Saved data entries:

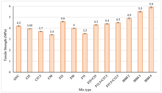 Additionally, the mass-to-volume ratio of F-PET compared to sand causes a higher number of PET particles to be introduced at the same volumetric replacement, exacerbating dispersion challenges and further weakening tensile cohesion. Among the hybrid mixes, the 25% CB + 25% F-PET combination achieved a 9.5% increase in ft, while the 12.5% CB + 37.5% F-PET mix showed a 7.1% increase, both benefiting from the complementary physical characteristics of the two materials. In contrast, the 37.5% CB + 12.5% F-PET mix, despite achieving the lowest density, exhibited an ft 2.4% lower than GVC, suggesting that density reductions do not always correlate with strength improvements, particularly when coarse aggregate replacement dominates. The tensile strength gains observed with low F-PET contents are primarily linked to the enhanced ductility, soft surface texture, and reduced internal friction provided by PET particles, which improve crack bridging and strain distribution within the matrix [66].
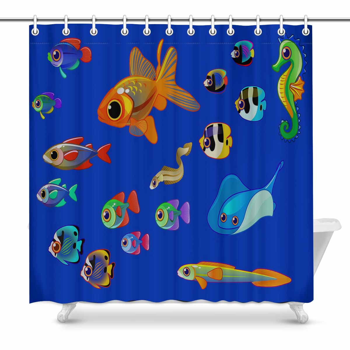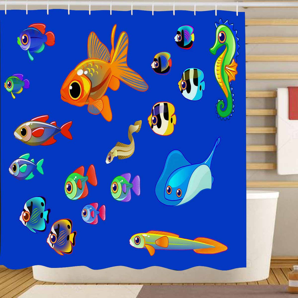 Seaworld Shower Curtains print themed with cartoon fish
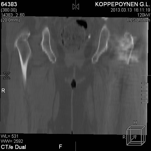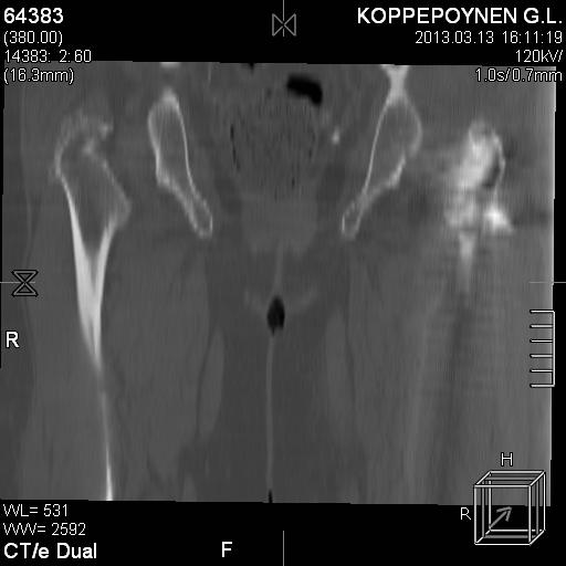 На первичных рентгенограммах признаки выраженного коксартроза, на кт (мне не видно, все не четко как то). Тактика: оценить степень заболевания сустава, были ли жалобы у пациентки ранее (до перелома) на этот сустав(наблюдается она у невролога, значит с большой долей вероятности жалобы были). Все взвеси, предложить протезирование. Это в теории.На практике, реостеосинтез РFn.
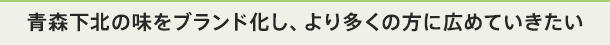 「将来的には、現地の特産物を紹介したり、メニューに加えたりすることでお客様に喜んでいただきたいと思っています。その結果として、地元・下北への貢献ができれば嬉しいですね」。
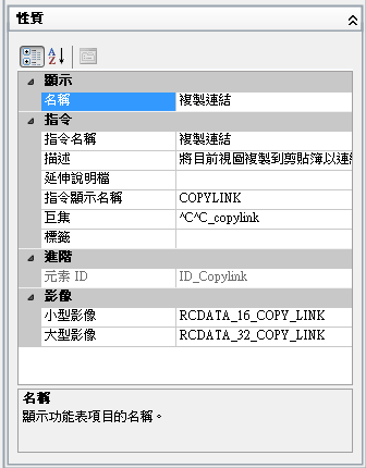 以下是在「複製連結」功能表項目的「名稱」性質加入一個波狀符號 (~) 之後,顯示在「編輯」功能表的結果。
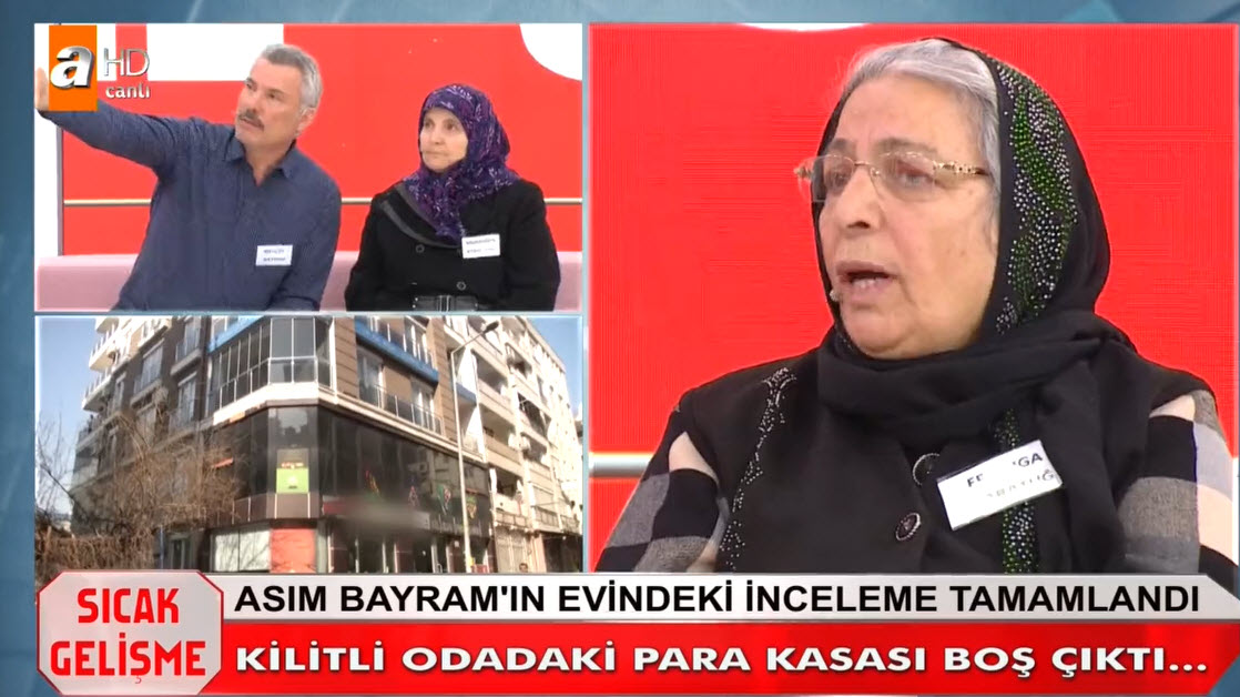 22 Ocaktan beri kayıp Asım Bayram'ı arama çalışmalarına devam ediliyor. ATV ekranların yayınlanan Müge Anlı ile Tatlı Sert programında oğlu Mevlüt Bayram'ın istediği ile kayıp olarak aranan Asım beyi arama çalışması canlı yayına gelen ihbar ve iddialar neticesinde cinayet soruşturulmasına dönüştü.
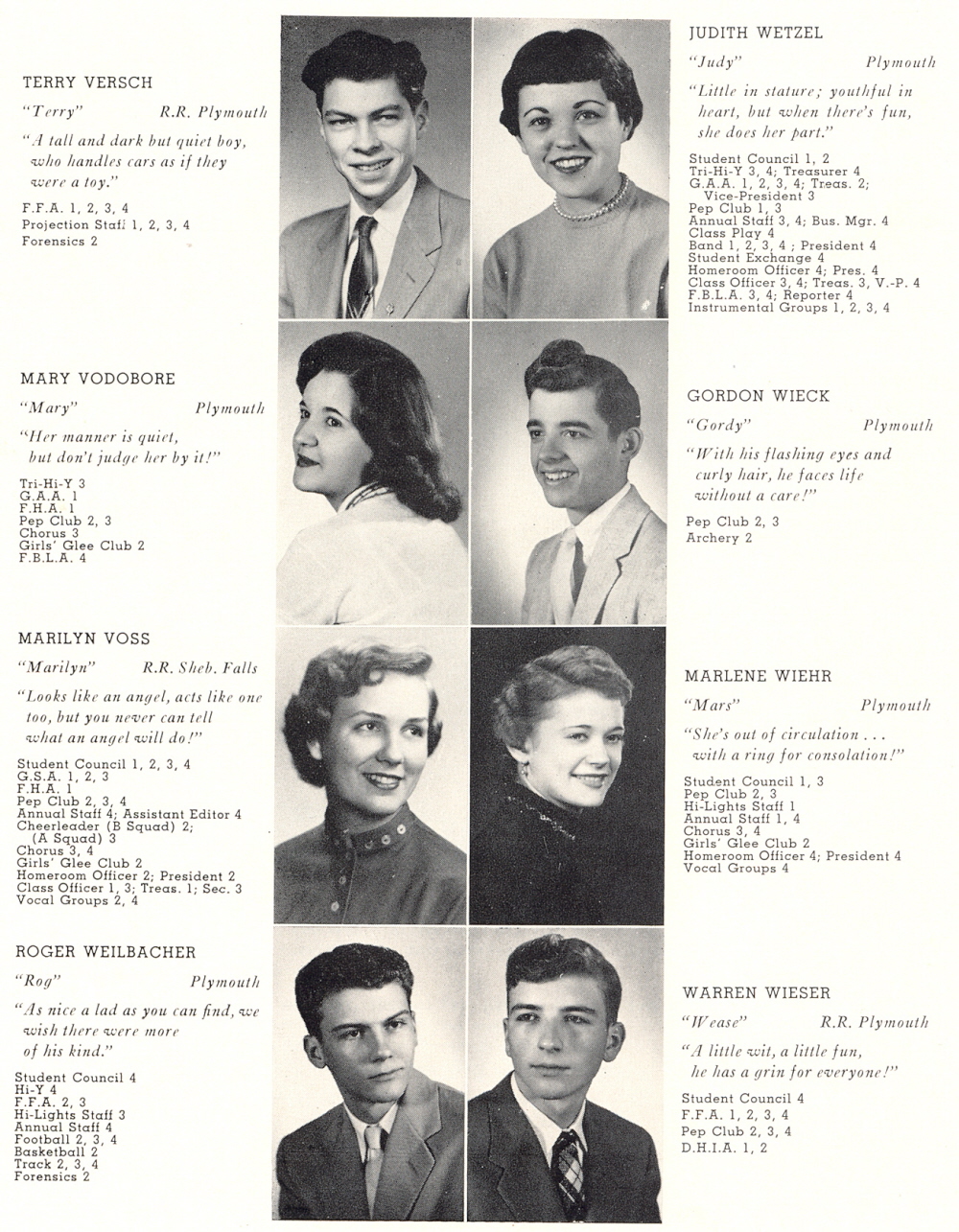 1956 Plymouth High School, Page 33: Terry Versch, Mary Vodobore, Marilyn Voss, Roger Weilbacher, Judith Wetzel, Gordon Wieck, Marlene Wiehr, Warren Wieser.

_Task statement:_
Wherever a picture appears, omit it; copy the rest of the data exactly.

_The completed task:_
 Additionally, the mass-to-volume ratio of F-PET compared to sand causes a higher number of PET particles to be introduced at the same volumetric replacement, exacerbating dispersion challenges and further weakening tensile cohesion. Among the hybrid mixes, the 25% CB + 25% F-PET combination achieved a 9.5% increase in ft, while the 12.5% CB + 37.5% F-PET mix showed a 7.1% increase, both benefiting from the complementary physical characteristics of the two materials. In contrast, the 37.5% CB + 12.5% F-PET mix, despite achieving the lowest density, exhibited an ft 2.4% lower than GVC, suggesting that density reductions do not always correlate with strength improvements, particularly when coarse aggregate replacement dominates. The tensile strength gains observed with low F-PET contents are primarily linked to the enhanced ductility, soft surface texture, and reduced internal friction provided by PET particles, which improve crack bridging and strain distribution within the matrix [66].
 Seaworld Shower Curtains print themed with cartoon fish
 На первичных рентгенограммах признаки выраженного коксартроза, на кт (мне не видно, все не четко как то). Тактика: оценить степень заболевания сустава, были ли жалобы у пациентки ранее (до перелома) на этот сустав(наблюдается она у невролога, значит с большой долей вероятности жалобы были). Все взвеси, предложить протезирование. Это в теории.На практике, реостеосинтез РFn.
 「将来的には、現地の特産物を紹介したり、メニューに加えたりすることでお客様に喜んでいただきたいと思っています。その結果として、地元・下北への貢献ができれば嬉しいですね」。
 以下是在「複製連結」功能表項目的「名稱」性質加入一個波狀符號 (~) 之後,顯示在「編輯」功能表的結果。
 22 Ocaktan beri kayıp Asım Bayram'ı arama çalışmalarına devam ediliyor. ATV ekranların yayınlanan Müge Anlı ile Tatlı Sert programında oğlu Mevlüt Bayram'ın istediği ile kayıp olarak aranan Asım beyi arama çalışması canlı yayına gelen ihbar ve iddialar neticesinde cinayet soruşturulmasına dönüştü.
 1956 Plymouth High School, Page 33: Terry Versch, Mary Vodobore, Marilyn Voss, Roger Weilbacher, Judith Wetzel, Gordon Wieck, Marlene Wiehr, Warren Wieser.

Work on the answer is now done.